それにポートセルミで出会った農夫が噛み付き、口論に発展してしまった。

「化け物を連れた連中を雇うだなんて、おめえの目はケムケムベスだべか!?」
「おめえこそ、この人達を疑うだなんて頭にトンネラーでも巣食ったベか!!」

―気分悪りいなぁ。
収拾のつかない口論を見るのも気分悪いが、本人達の前で信用できねえだとか、人様の仲間を化け物だとかよく言えたもんだな。

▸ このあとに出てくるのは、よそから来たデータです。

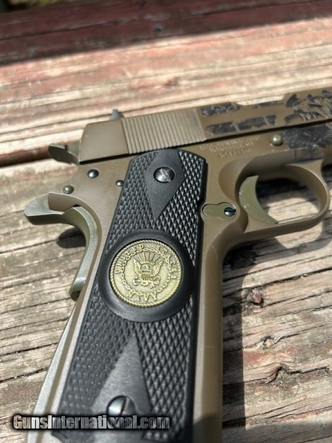 Description: Guns Listing ID: 796472 General Dwight D. Eisenhower, Supreme Commander of Allied Expeditionary Forces, was just one of the great men who led American forces during World War II, and Auto-Ordnance’s “The Generals 1911” proudly commemorates the service of a few of the war’s iconic leaders. As a monument to courage, wisdom and determination, the General’s 1911 D-Day pistol features an engraving on the left side with the image of Gen. Eisenhower speaking with troops at Newbury, England, prior to their embarkation. No one can dispute the popularity and durability of the 1911A1. This pistol was invented by John Browning and placed into production in 1911. One hundred and eight years later, this pistol is still being used by civilians, law enforcement and by some specialized military units. This weapon is prized all over the world. The Model 1911A1 is finished in Cerakote with the slide and frame receiving the Patriot Brown color and all other parts in Olive Drab. The engraving is given contrast with Armor Black Cerakote. Purchase comes with 1 magazine SOLD Manufacturer: AUTO-ORDNANCE Model: 1911 A1 Caliber Info: .45 ACP Condition: Used - Non-Certified Barrels: 5 BARREL Finish: GREEN |

「私を化生と蔑むのは一向に構わぬ。だが、サトチー様に対する侮辱は許さぬ!!」

サトチーに対する攻撃に関しては短気なピエールが吼えると、部屋は静かになった。

「あなた達にとってモンスターとは畏怖の対象でしかないのかもしれません。ですが、僕達にとって彼等は大事な家族であり、信頼のおける仲間です。仲間を信用して頂けないと仰るのならば、この仕事はお受けできません」

そう言いながらテーブルの上に前金の入った袋を置くサトチー。
その言葉にピエールは感激の涙し、ブラウンはサトチーに強く抱きつく。

「信用する…あんたも、あんたの仲間もだ…だから、金をしまって欲しいだ」
「村長!!」
「なら、おめえが魔物を退治するだか?おめえにも、村の誰にも無理だんべ? 村を救うにはこの人達を信用して全てを任せるしかないだ」

再び静まり返る部屋、数秒の沈黙を破って席を立ったのは最後まで懐疑的だった男。

「勝手にするだよ!そん代わり、おらも好きなようにやらせてもらうだ。よそ者にデカイ顔されて黙ってられねえべ」

男はボロボロの扉を蹴破らんばかりの勢いで乱暴な足音を立てて家を飛び出す。
村の総意を得たとは言い難いが、俺達は改めて依頼を受ける事になった。

「あんたらにはこれを渡すだ。きっと何かの力になってくれるだよ」

村長から手渡されたのは奇妙な装飾が施された腕輪。

「なんでも、不思議な力が込められてるって話だで。ぜひ持ってって欲しいだ。おらぁ、あんたらを信用したべよ」

魔物のすみかはこの村の西にある。距離にして半日かからない程度。
馬車に飛び乗り、白い馬を早足で走らせる。

嘗ては敵だったモンスター達も、今ではサトチーの信頼に応えて力を貸してくれる。
俺達も村長の信頼に応えて力を貸してやることにしましょうかね。



旅人を乗せた馬車は走り去り、村長と農夫の二人だけが残された村長の家。
農夫が震える声で村長に問う。

「村長。なんであの腕輪を渡しただか?」
「あの腕輪さ持ってれば、間違いなく魔物を仕留められるべ」
「んだども、あれで魔物を仕留めるって事は…」
「…なぁんも問題ねえ…これで村は安泰だぁ」

ほぼ白湯に近い出涸らしのお茶をすすり、村長が細く息を吐く。